►

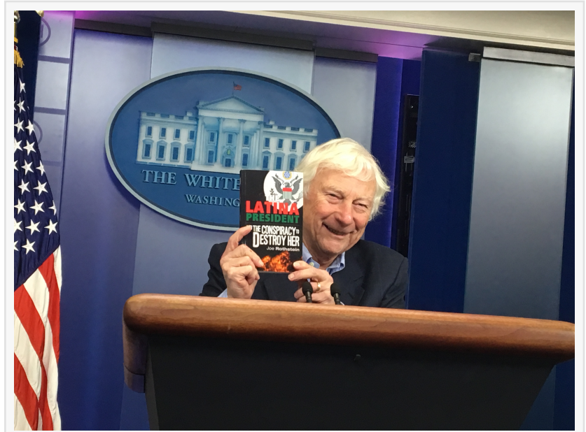
Is It Real, Or Is It Fantasy

Joe Rothstein Gold Standard Publishing email us here +1 202-257-8285 Visit us on social media: Facebook Twitter
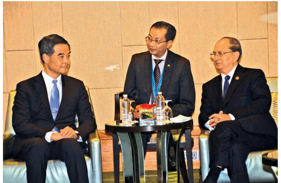
President U Thein Sein holds talks with Chief Executive of Hong Kong Special Administrative Region Mr Leung Chun-ying.

Then, the president continued to say that the forum, which has been organized for twelve years, is a regional leadership programme that enables ASEAN leaders, regional business leaders, civil society organizations, experts and scholars to meet one another. As the forum is scheduled to discuss
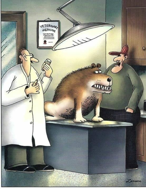
Whoa! Is that a needle, Doc? 'Cause Zack don't like needles.'

◄

§ DESCRIPTION OF THE TASK:
Transcribe the whole listing exactly as it stands, apart from the pictures.

§ SOLVED PROBLEM:
Is It Real, Or Is It Fantasy

Joe Rothstein Gold Standard Publishing email us here +1 202-257-8285 Visit us on social media: Facebook Twitter
President U Thein Sein holds talks with Chief Executive of Hong Kong Special Administrative Region Mr Leung Chun-ying.

Then, the president continued to say that the forum, which has been organized for twelve years, is a regional leadership programme that enables ASEAN leaders, regional business leaders, civil society organizations, experts and scholars to meet one another. As the forum is scheduled to discuss
Whoa! Is that a needle, Doc? 'Cause Zack don't like needles.'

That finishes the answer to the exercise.